The planet is called OGLE-2016-BLG-1195Lb and was identified after analysis of data from NASA's Spitzer Space Telescope and the ground-based Korea Microlensing Telescope Network (KMTNet).
"This 'iceball' planet is the lowest-mass planet ever found through microlensing," said NASA scientist Yossi Shvartzvald, lead author of a study published in the Astrophysical Journal Letters.
OGLE-2016-BLG-1195Lb orbits a body so small that scientists think it could be a brown dwarf, an object too large to be called a planet but too small to be a star. Brown dwarfs re sometimes called "failed stars" because they are too small to sustain the nuclear fusion of hydrogen like regular stars.
The "microlensing" technique works thanks to an astronomical effect predicted by Einstein's General Theory of Relativity.

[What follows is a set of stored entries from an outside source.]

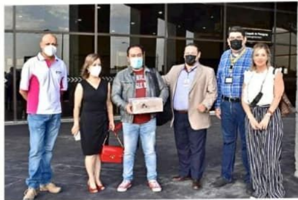
Las autoridades electorales de Tamaulipas resguardaron el paquete que contiene los sufragios del exterior.

“Al concluir el periodo del 10 de marzo se registraron (en el distrito 02) dos mil 481 solicitudes, los cuales podrán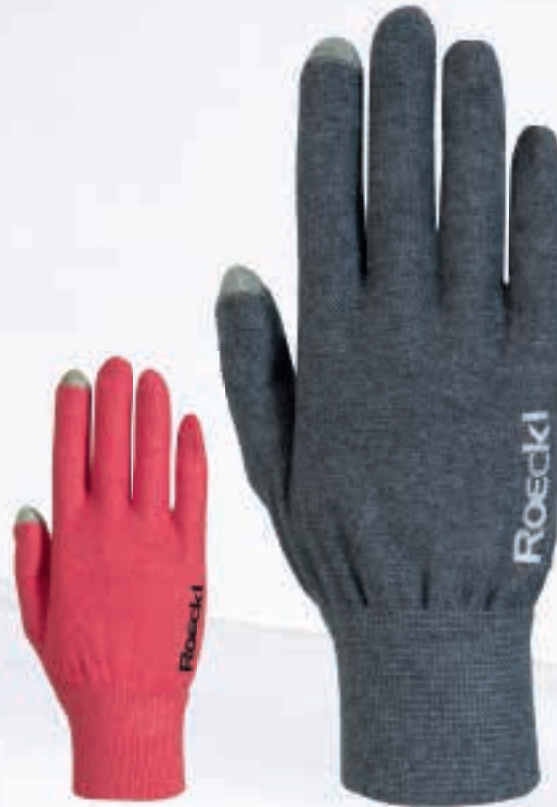
442 red melange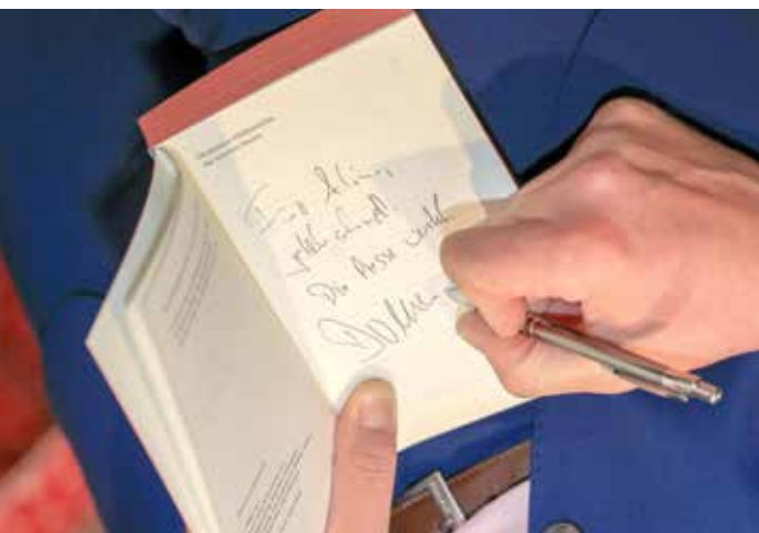
▲ Der Schriftsteller Domenico Müllensiefen signiert ein Buch anlässlich der Verleihung des Klopstock-Förderpreises 2023

Von Klopstock über Novalis bis Brigitte Reimann – viele große Stimmen der deutschen Literatur haben in Sachsen-Anhalt ihre Wurzeln. Dieses Erbe wirkt fort und prägt das literarische Selbstverständnis bis heute. Zugleich ist im Land eine lebendige Gegenwartsszene entstanden, die das kulturelle Profil Sachsen-Anhalts maßgeblich mitgestaltet.

Because a star's light rays are bent by gravity, when the light from a distant star passes close to a massive object such as another star, the second star acts as a lens to bend and focus the light.
If the second, lensing star has a planet orbiting it, this exoplanet can also be detected by microlensing. If the planet is positioned close enough to the second star so that it crosses one of the two light streams that emanate from the first star, its gravity distorts the light and gives an extra, temporary brightness to the image of the background star.
Although scientists can sometimes observe lensing stars more than once, planets fleetingly discovered by microlensing are unlikely to be observed again by this method since the light-bending events that revealed the planet's existence are unique.
The scientists who found OGLE-2016-BLG-1195Lb say that the new planet is the third time a planet with a mass similar to that of Earth has been discovered orbiting an ultracool dwarf, which suggests that protoplanetary disks around ultracool dwarfs have sufficient mass to form terrestrial planets.